When asked to think about the moon landing, the first thing that comes to many people’s minds is the image of an astronaut bouncing up and down in the low gravity of the moon. Basing their latest robot design off of this image, the European Space Agency have created a robot called SpaceBok to traverse low-gravity environments and help us explore the final frontier of space.
They were able achieve this by borrowing the dynamic walking style from the springbok, a smaller antelope. By using this walking style, the SpaceBok is able to take strides where all its legs are in the air, rather than one leg keeping in contact with the surface.
By Utilizing the organic movements of the springbok, the SpaceBok is able to more efficiently traverse the moon, mars or even asteroids through a series of algorithms and computational power. Although the SpaceBok does have to land at a certain point, through this design it’s able to easily and effortlessly leap through low gravity environments, providing a quicker option for exploring the surface of these environments.
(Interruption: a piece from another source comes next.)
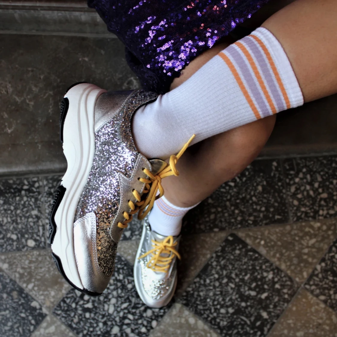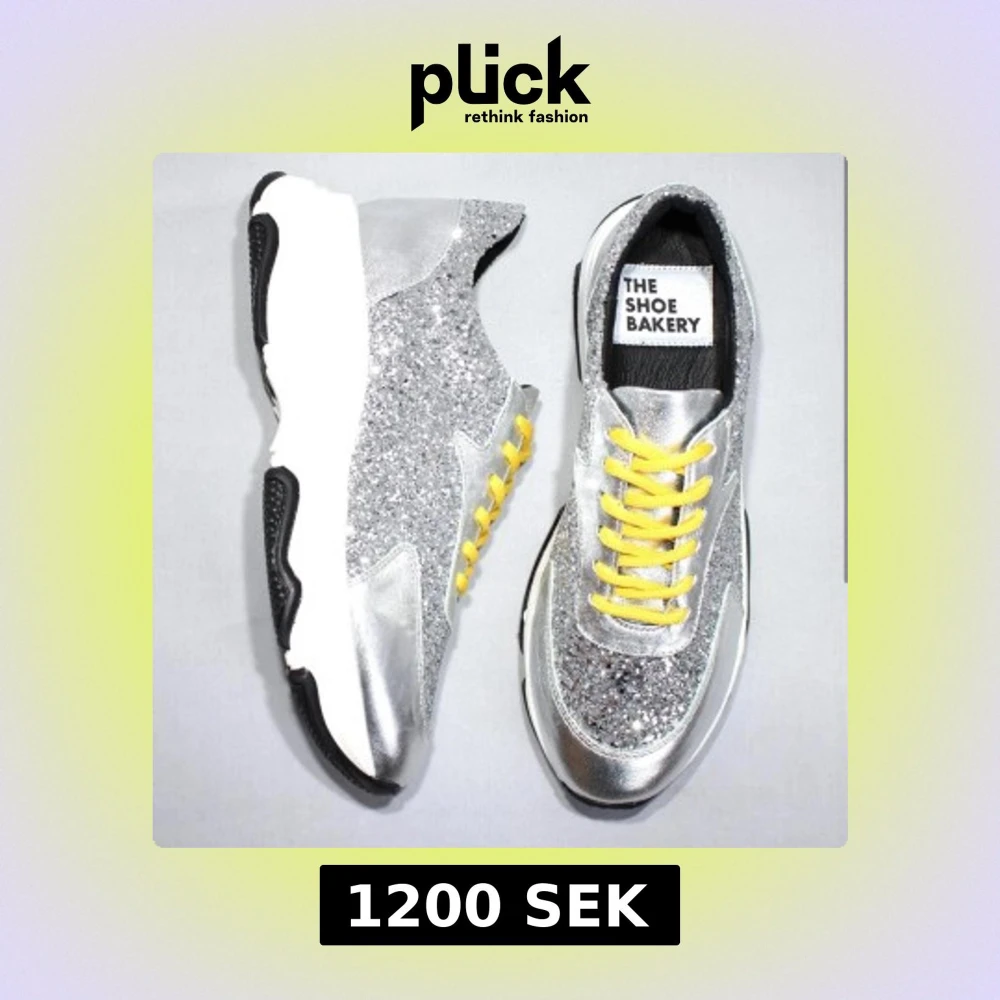 Snygga sneakers i silver med glittrig yta och gula snören från The Shoe Bakery. Köpta för 2200, använda väldigt få gånger (2-3 gånger)

Using springs located on the end of its legs, the robot is able to store energy from landing and immediately launch up to six feet in the air. Borrowing the technology used to stabilize satellites, European Space Agency Engineers created a stability system for SpaceBok. The system, called a reaction wheel, allows the SpaceBok to accelerate or decelerate in different directions to keep the robot oriented. The SpaceBok is being tested in the lab right now, but there are plans to begin testing on hilly terrain soon.